# Exercise requirements
The line holding "The Las Cruces" is the last one to output; start at the first line of the data, keep every line in between exactly, and leave out pictures.

# Data for review

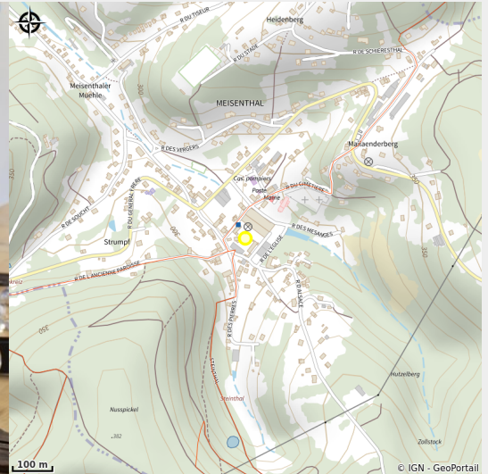
Attribution : Musée du Verre (M.Chérot)
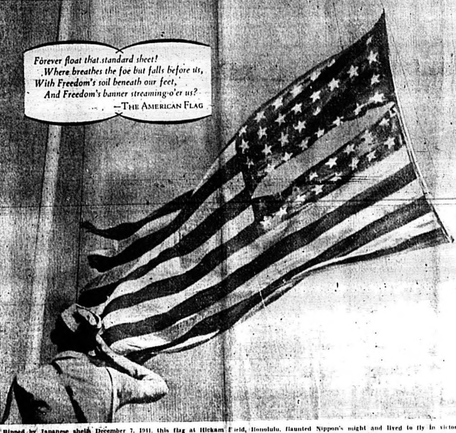
Shipped by Japanese ship December 7, 1941, this flag at Hickam Field, Honolulu, flouted Japan's might and lived to fly in victory.
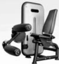
LH-B11 Seated Leg Curl
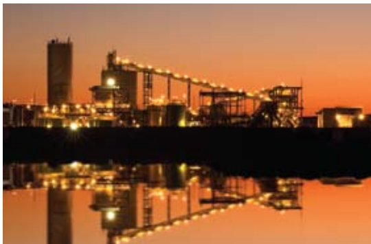
The Las Cruces processing facility was ready for commissioning at the end of the year.

There was one potentially life-threatening injury during the year. A contractor working on the top of one of eight leaching reactors stepped onto a temporary cover over a porthole and fell 12 metres to the base of the reactor. The worker suffered several broken bones, but was immediately stabilized and transported to hospital. His injuries were significant and we are thankful that he has recovered. CLC's investigation revealed that although he had been provided with the appropriate working-at-heights training and personal protective equipment, he did not connect himself to an anchor point. Moreover, a dual lanyard was not present, which would have allowed him to move between anchor points while still being connected. Following an investigation, Spanish labour authorities levied a €300,000 fine against Las Cruces. Further investigation and clarification resulted in the fine being reduced to €30,000. Las Cruces continues to challenge this fine because it believes that it more than fulfilled its responsibilities in this instance.
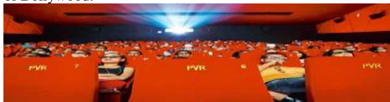
Fig. 4 : Liberalization of the Bollywood

1. Globalization and Economic Liberalization: The 1990s marked a significant turning point for India's economy with economic liberalization, which led to greater international engagement and trade. This opening up of the economy had an impact on Bollywood as well. The industry began to explore international collaborations, and Indian films gained wider exposure on the global stage. This era saw an increase in the diaspora audience, especially in countries with significant Indian populations, contributing to the globalization of Bollywood.
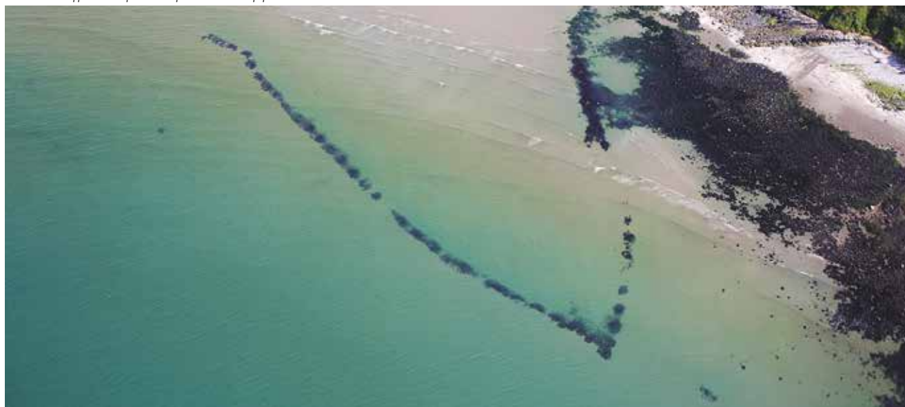
Ancient offshore fish traps near Poppit Sands, Pembrokeshire.

In particular, local planning authorities should make sure that information about heritage assets and the wider historic environment which is generated as part of the planning process is deposited into their HERs.
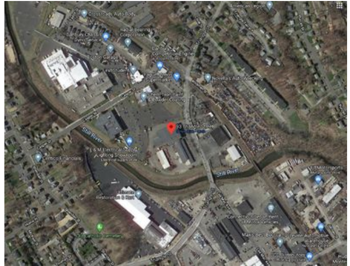
93 Triangle Street
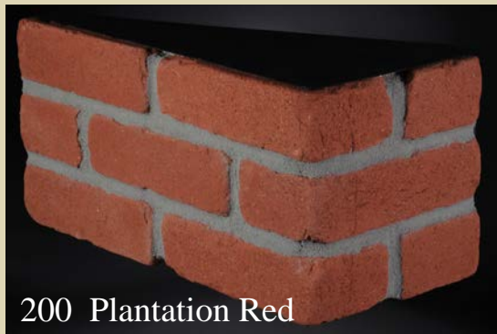
200 Plantation Red
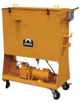
Portable Coalescer High volume removal of free oils and fine particulates
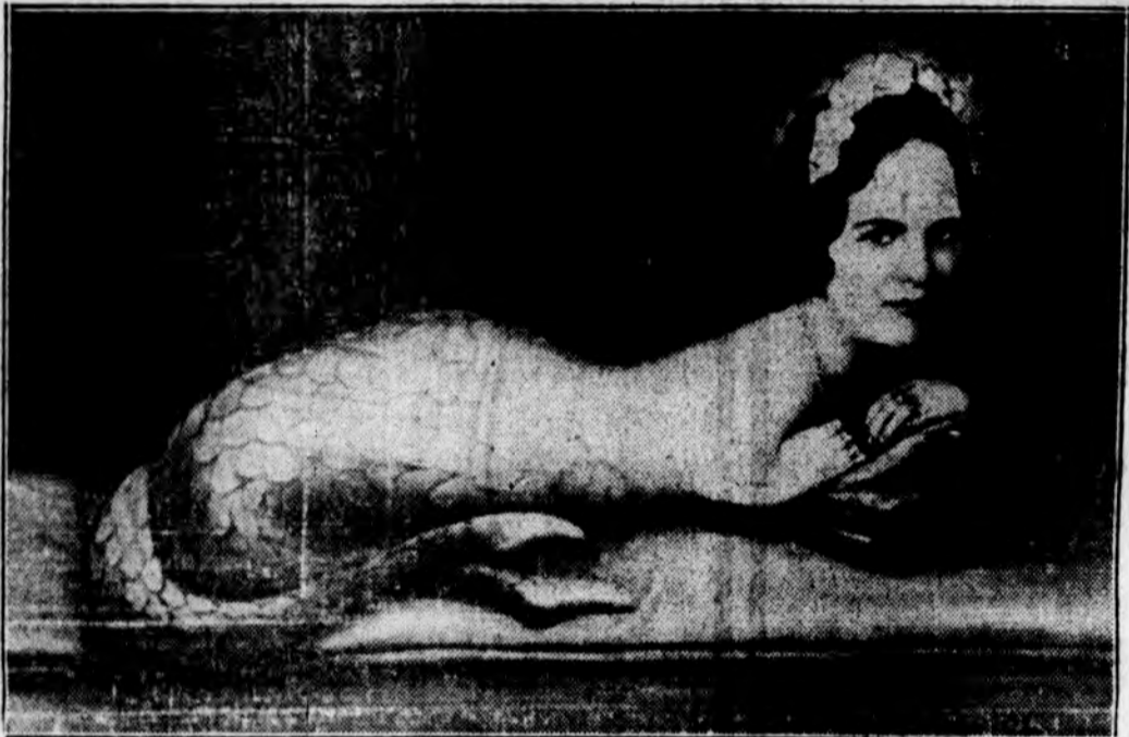
"Sea-Tiny," pictured above, one of the feature attractions with the Mammoth Marine Hippodrome, that will exhibit here for one day only, Wednesday, November 10. This young lady is usually the center of interest aboard the exhibition car; in fact, has been known to "steal the show" from "Colossus," the 68-ton sea monster, also featured.
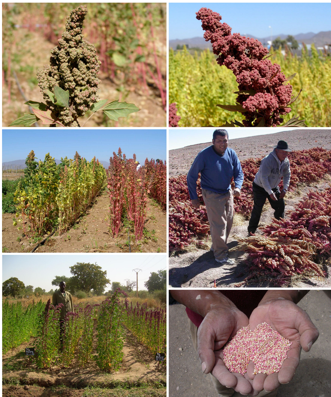
Fig. 1 Top left and right inflorescence of a Chilean genotype; center left trial in Chile (garden of Chilean varieties); center right quinoa cultivation in the Chilean/Bolivian altiplano ; bottom left and right trial and harvest in Mali, West Africa.

Brazil, trials are ongoing to use quinoa as a cover crop in winter (Spehar and Souza 1993). Many other countries are performing tests on quinoa with very promising results. For example, its adaptability to both northern and southern European conditions has been investigated (Jacobsen 2003; Pulvento et al. 2010). Denmark and the Netherlands are important areas for quinoa improvement and breeding. In particular, a daylength-neutral quinoa variety, bred and selected at the University of Copenhagen from material originating from
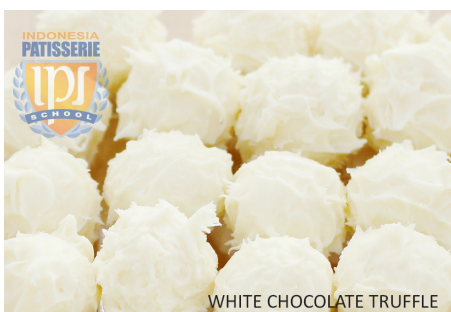
1. White Chocolate Truffle
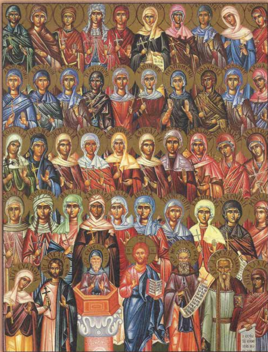
Icon of the 40 Women of Macedonia and Ammon -- September 1st
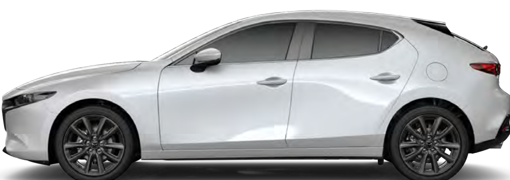
SNOWFLAKE WHITE PEARL
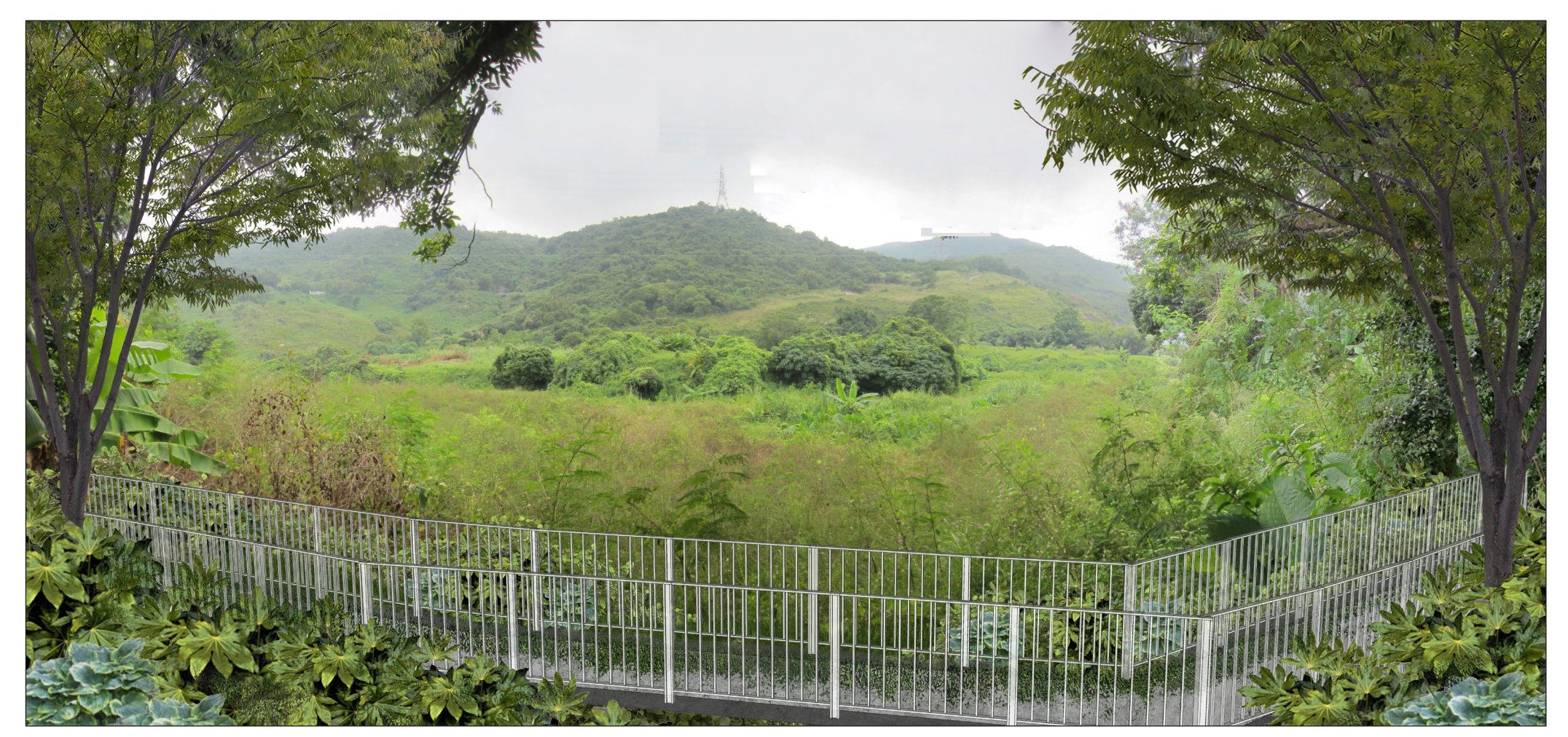
Vantage Point 2: Pedestrians on narrow footpath between Tai Wo and Cheung Po (VSR 5) (With Mitigation) (Day One)
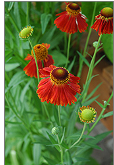
Moerheim Beauty Sneezeweed flowers
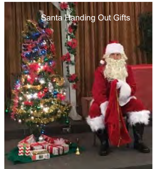
Santa Handing Out Gifts
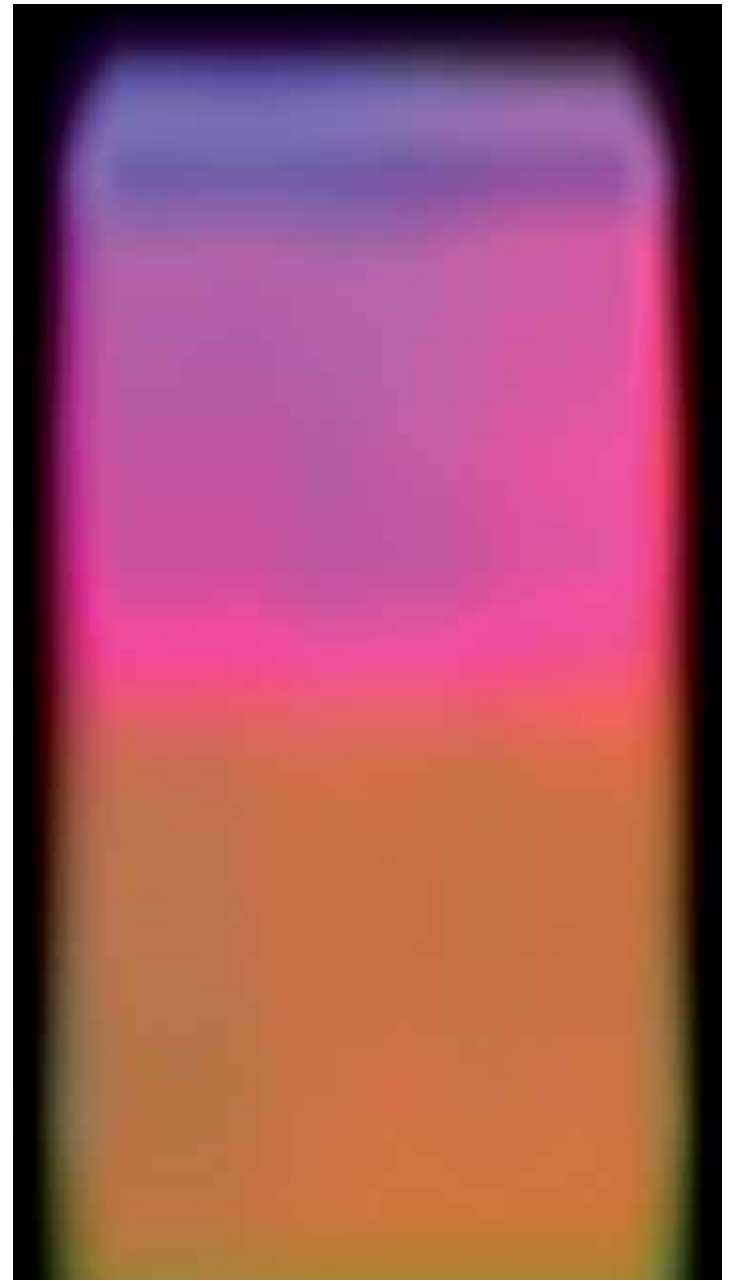
perceptual series; glowing wedge 2015 moving image installation (still) dimension variable 37' 06" ed. 3 + 1 ap

# Response to this task
Attribution : Musée du Verre (M.Chérot)
Shipped by Japanese ship December 7, 1941, this flag at Hickam Field, Honolulu, flouted Japan's might and lived to fly in victory.
LH-B11 Seated Leg Curl
The Las Cruces processing facility was ready for commissioning at the end of the year.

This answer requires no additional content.